• [Task goal]:
Set down each record below precisely, skipping the pictures.

• [Data]:
Start of Block
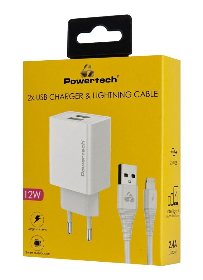 POWERTECH φορτιστής τοίχου PT-1325 με καλώδιο Lightning, 2x USB, 12W, λευκός
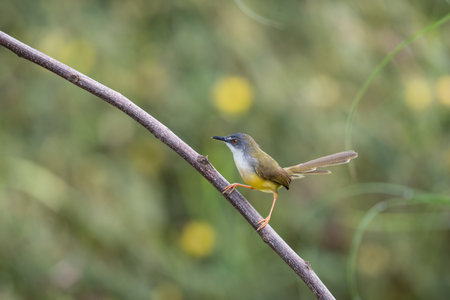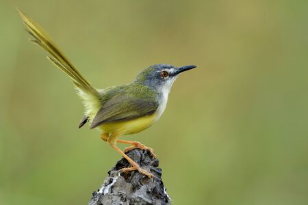 Yellow-bellied prinia (flaviventris) beautiful yellow to grey face bird with long tail lifting while perching on dirt pole over fine green background in nature, exotic wild animal
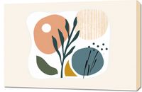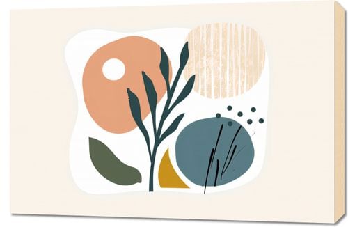 Obraz z serii boho zatytułowany Pastel Owoców.Obraz przedstawia stilizowany obraz natury, gdzie organiczne formy i kształty łączą się w nieoczywisty sposób. W kompozycji dominuje duża, pastelowa forma przypominająca owoce lub słońce, która kontrastuje z subtelnym tłem w delikatnych odcieniach beżu ozdobionym wertykalnymi liniami. Obok widnieją płynne, ciemnozielone liście oraz zaokrąglone, geometryczne formy w odcieniach szarości i musztardy, uzupełnione o subtelne graficzne akcenty. Obraz będzie pięknie komponował się w przestrzeniach poszukujących elementów natury w abstrakcyjnej, uproszczonej formie, idealnie nadając się do nowoczesnych salonów, kreatywnych przestrzeni pracy lub jako delikatny akcent w minimalistycznej sypialni.
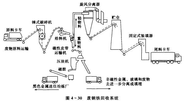 幾乎沒有一個廢物資源回收廠能備置得起一整套分離和回收利用各種金屬 的系統(tǒng),因此,這些廢物一般都賣給其他處理廠。然而,通過選擇性地回收一種 或幾種有經(jīng)濟效益的金屬是可以實現(xiàn)的.如圖4—30所示。
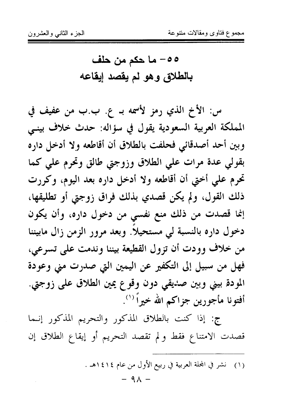 س: الأخ الذي رمز لاسمه ب ع. ب. ب من عفيف في المملكة العربية السعودية يقول في سؤاله: حدث خلاف بيني وبين أحد أصدقائي فحلفت بالطلاق أن أقاطعه ولا أدخل داره بقولي عدة مرات علي الطلاق وزوجتي طالق وتحرم علي كما تحرم علي أختي أن أقاطعه ولا أدخل داره بعد اليوم، وكررت ذلك القول، ولم يكن قصدي بذلك فراق زوجتي أو تطليقها، إنما قصدت من ذلك منع نفسي من دخول داره، وأن يكون دخول داره بالنسبة لي مستحيلا. وبعد مرور الزمن زال ما بيننا من خلاف وودت أن تزول القطيعة بيننا وندمت على تسرعي، فهل من سبيل إلى التكفير عن اليمين التي صدرت مني وعودة المودة بيني وبين صديقي دون وقوع يمين الطلاق على زوجتي. أفتونا مأجورين جزاكم الله خيرا (¬1)
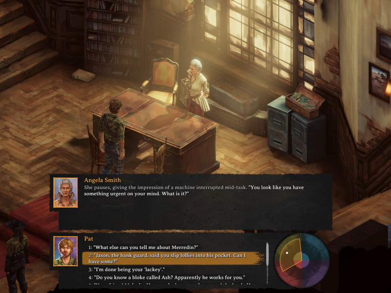 Le biome australien, son écosystème et sa culture ont été les éléments clés dans mon choix de recevoir ce jeu pour analyse. Cependant, la densité d'informations n'a pas été le facteur de divertissement que j'espérais, entraînant plusieurs moments de lassitude importants. En analysant le titre bien à l'avance, avant sa sortie, nous avons constaté quelques problèmes au niveau de l'audio ou des animations douteuses, ainsi que de possibles erreurs de script et autres bizarreries qui seront probablement résolues après la sortie du jeu. La langue française a été rajouté il y a peu et il faut souligner l'importance d'une localisation complète car, dans le cas de Broken Roads et de sa narration complexe, il est extrêmement nécessaire d'attirer l'attention du public. Une implémentation adoptée, telle que diriger les personnages en cliquant sur l'écran, fonctionne toujours mieux sur ses versions PC et non sur les consoles. Ce n'est pas le meilleur représentant du genre mais on finit par s'y faire. Malgré le système de mouvement, les personnages répondent bien aux commandes et la vue isométrique rapprochée permet d'obtenir des détails d'animation et une esthétique uniques. Le concept artistique utilisé dans Broken Roads donne l'impression d'un dessin à la main et d'une esthétique rétro, impliquant un climat aride et sauvage que l'on trouve en Australie. La rugosité est présente, faisant ressortir les éléments de la scène parmi les directions artistiques perceptibles qui ont été prises, évitant le réalisme et adoptant une esthétique audacieuse dans son art conceptuel, expérimentant en même temps avec les personnages, les animations et tout ce qui compose le monde proposé. L'expérience globale et la sensation de voyager à travers l'Australie sont incroyables. Il s'agit d'une expérience stimulante pour les nouveaux venus aux RPG plus classiques, en particulier ceux qui sont avides de combats. Malheureusement, le titre n'a pas tout à fait répondu à nos attentes ; cependant, il faut souligner qu'il a eu le mérite de proposer un système de boussole morale que nous n'avions jamais expérimenté auparavant, ainsi qu'une expérience qui échappe à la norme européenne ou américaine, ce qui a ajouté de la fraîcheur à l'aventure.
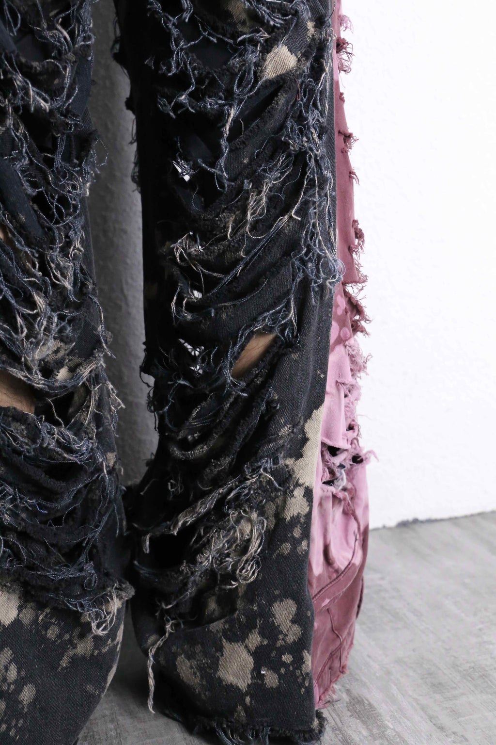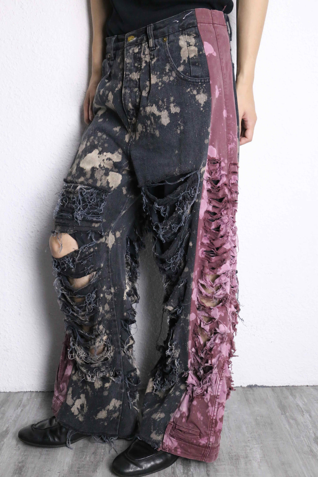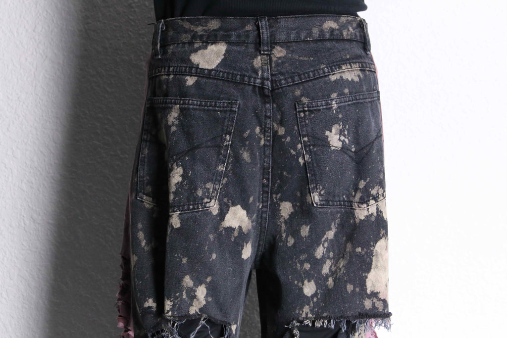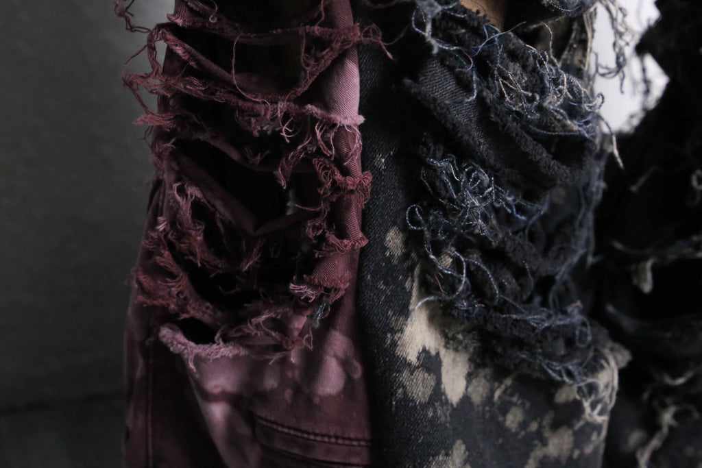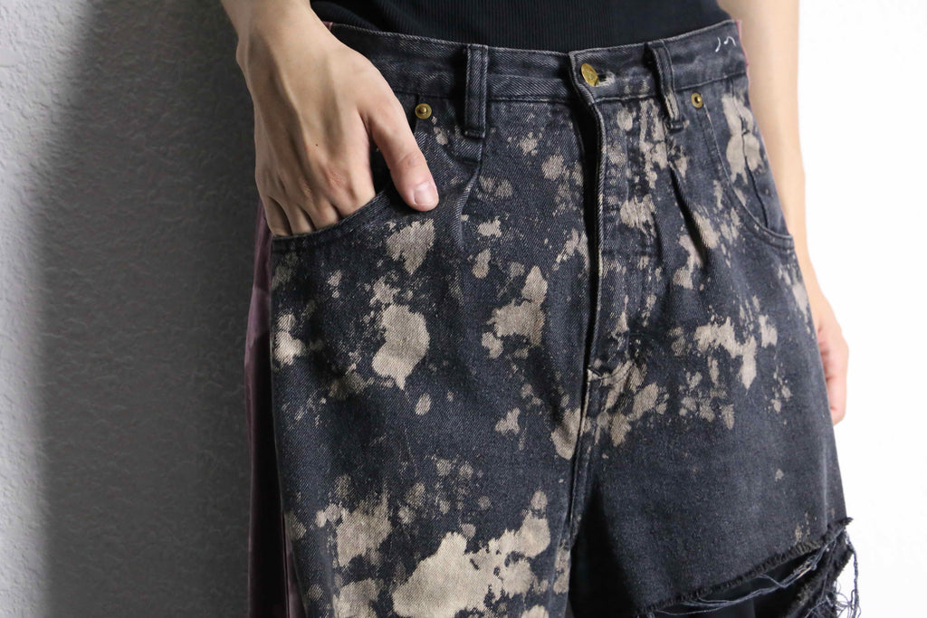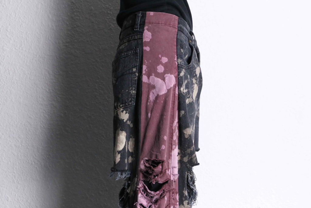 黒ベースのデニムにブリーチ加工を施し、全体的に斑点のような個性的なデザイン。そしてなんといってもこのダメージ。太ももからすねにかけて大きく裂けたダメージが存在感を演出。ダメージの部分には糸が長めに残されてあり、フリンジのような動きがある表情を生み出してくれます。両サイドには差し色のピンクのデニムがドッキングされているのも特徴の一つです。
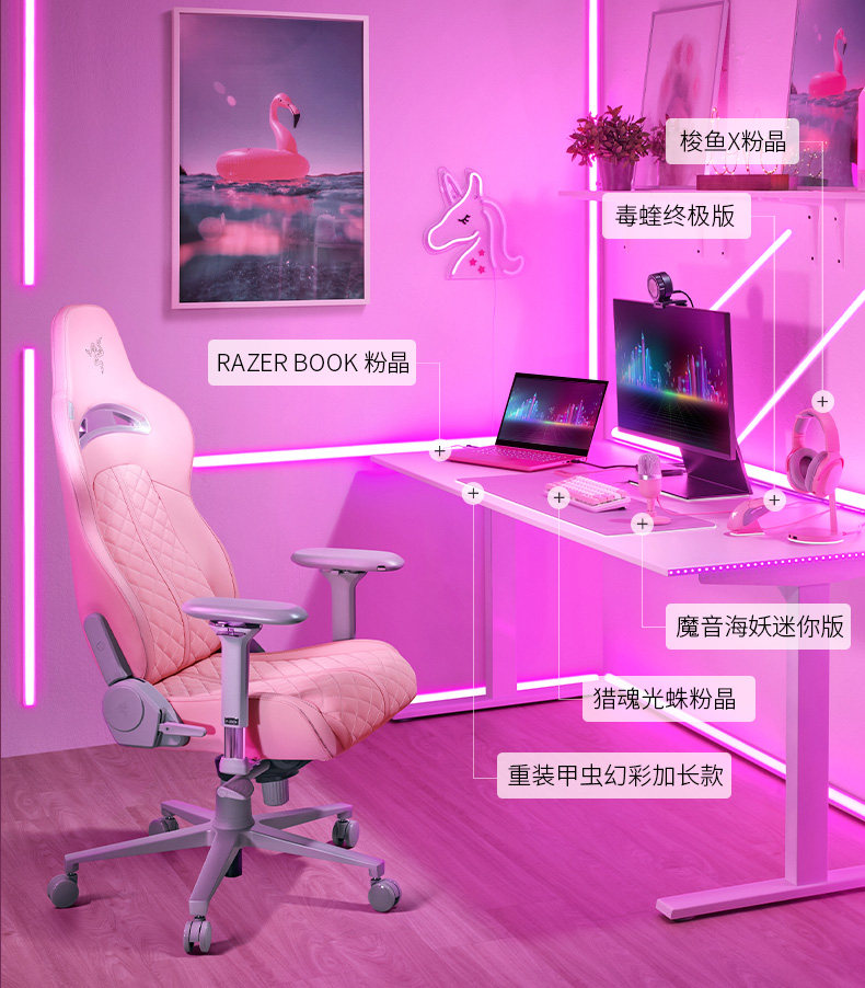 Игровой кварц, комфортное кресло, розовый ноутбук для домашнего использования
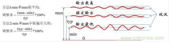 ■注意區(qū)分調(diào)整率和紋波,紋波是輸出的動態(tài)特征,而調(diào)整率是讓電源 工作在極限外部條件下,輸出的極限偏差。
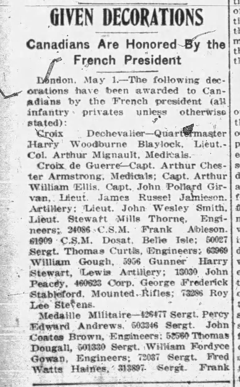 Source via Dawn Heuston via the 18th Battalion Facebook Group. London Gazette dated August 1, 1918.
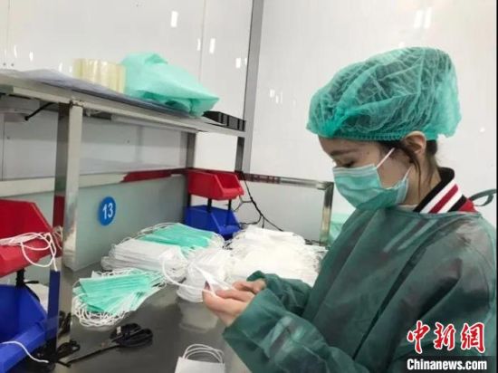 华东理工大学商学院17级本科生、共青团员周沁人,报名参加了口罩制作的志愿活动。一天工作8小时,眼睛需要像显微镜一样精准的检查每一只生产出的口罩,腿酸眼花阻挡不了她默默奉献的决心,她最终独自完成了近1300件口罩的挑选任务。
End of Block
• [Response]:
 POWERTECH φορτιστής τοίχου PT-1325 με καλώδιο Lightning, 2x USB, 12W, λευκός
 Yellow-bellied prinia (flaviventris) beautiful yellow to grey face bird with long tail lifting while perching on dirt pole over fine green background in nature, exotic wild animal
 Obraz z serii boho zatytułowany Pastel Owoców.Obraz przedstawia stilizowany obraz natury, gdzie organiczne formy i kształty łączą się w nieoczywisty sposób. W kompozycji dominuje duża, pastelowa forma przypominająca owoce lub słońce, która kontrastuje z subtelnym tłem w delikatnych odcieniach beżu ozdobionym wertykalnymi liniami. Obok widnieją płynne, ciemnozielone liście oraz zaokrąglone, geometryczne formy w odcieniach szarości i musztardy, uzupełnione o subtelne graficzne akcenty. Obraz będzie pięknie komponował się w przestrzeniach poszukujących elementów natury w abstrakcyjnej, uproszczonej formie, idealnie nadając się do nowoczesnych salonów, kreatywnych przestrzeni pracy lub jako delikatny akcent w minimalistycznej sypialni.
 幾乎沒有一個廢物資源回收廠能備置得起一整套分離和回收利用各種金屬 的系統(tǒng),因此,這些廢物一般都賣給其他處理廠。然而,通過選擇性地回收一種 或幾種有經(jīng)濟效益的金屬是可以實現(xiàn)的.如圖4—30所示。
 س: الأخ الذي رمز لاسمه ب ع. ب. ب من عفيف في المملكة العربية السعودية يقول في سؤاله: حدث خلاف بيني وبين أحد أصدقائي فحلفت بالطلاق أن أقاطعه ولا أدخل داره بقولي عدة مرات علي الطلاق وزوجتي طالق وتحرم علي كما تحرم علي أختي أن أقاطعه ولا أدخل داره بعد اليوم، وكررت ذلك القول، ولم يكن قصدي بذلك فراق زوجتي أو تطليقها، إنما قصدت من ذلك منع نفسي من دخول داره، وأن يكون دخول داره بالنسبة لي مستحيلا. وبعد مرور الزمن زال ما بيننا من خلاف وودت أن تزول القطيعة بيننا وندمت على تسرعي، فهل من سبيل إلى التكفير عن اليمين التي صدرت مني وعودة المودة بيني وبين صديقي دون وقوع يمين الطلاق على زوجتي. أفتونا مأجورين جزاكم الله خيرا (¬1)
 Le biome australien, son écosystème et sa culture ont été les éléments clés dans mon choix de recevoir ce jeu pour analyse. Cependant, la densité d'informations n'a pas été le facteur de divertissement que j'espérais, entraînant plusieurs moments de lassitude importants. En analysant le titre bien à l'avance, avant sa sortie, nous avons constaté quelques problèmes au niveau de l'audio ou des animations douteuses, ainsi que de possibles erreurs de script et autres bizarreries qui seront probablement résolues après la sortie du jeu. La langue française a été rajouté il y a peu et il faut souligner l'importance d'une localisation complète car, dans le cas de Broken Roads et de sa narration complexe, il est extrêmement nécessaire d'attirer l'attention du public. Une implémentation adoptée, telle que diriger les personnages en cliquant sur l'écran, fonctionne toujours mieux sur ses versions PC et non sur les consoles. Ce n'est pas le meilleur représentant du genre mais on finit par s'y faire. Malgré le système de mouvement, les personnages répondent bien aux commandes et la vue isométrique rapprochée permet d'obtenir des détails d'animation et une esthétique uniques. Le concept artistique utilisé dans Broken Roads donne l'impression d'un dessin à la main et d'une esthétique rétro, impliquant un climat aride et sauvage que l'on trouve en Australie. La rugosité est présente, faisant ressortir les éléments de la scène parmi les directions artistiques perceptibles qui ont été prises, évitant le réalisme et adoptant une esthétique audacieuse dans son art conceptuel, expérimentant en même temps avec les personnages, les animations et tout ce qui compose le monde proposé. L'expérience globale et la sensation de voyager à travers l'Australie sont incroyables. Il s'agit d'une expérience stimulante pour les nouveaux venus aux RPG plus classiques, en particulier ceux qui sont avides de combats. Malheureusement, le titre n'a pas tout à fait répondu à nos attentes ; cependant, il faut souligner qu'il a eu le mérite de proposer un système de boussole morale que nous n'avions jamais expérimenté auparavant, ainsi qu'une expérience qui échappe à la norme européenne ou américaine, ce qui a ajouté de la fraîcheur à l'aventure.
 黒ベースのデニムにブリーチ加工を施し、全体的に斑点のような個性的なデザイン。そしてなんといってもこのダメージ。太ももからすねにかけて大きく裂けたダメージが存在感を演出。ダメージの部分には糸が長めに残されてあり、フリンジのような動きがある表情を生み出してくれます。両サイドには差し色のピンクのデニムがドッキングされているのも特徴の一つです。
 Игровой кварц, комфортное кресло, розовый ноутбук для домашнего использования
 ■注意區(qū)分調(diào)整率和紋波,紋波是輸出的動態(tài)特征,而調(diào)整率是讓電源 工作在極限外部條件下,輸出的極限偏差。
 Source via Dawn Heuston via the 18th Battalion Facebook Group. London Gazette dated August 1, 1918.
 华东理工大学商学院17级本科生、共青团员周沁人,报名参加了口罩制作的志愿活动。一天工作8小时,眼睛需要像显微镜一样精准的检查每一只生产出的口罩,腿酸眼花阻挡不了她默默奉献的决心,她最终独自完成了近1300件口罩的挑选任务。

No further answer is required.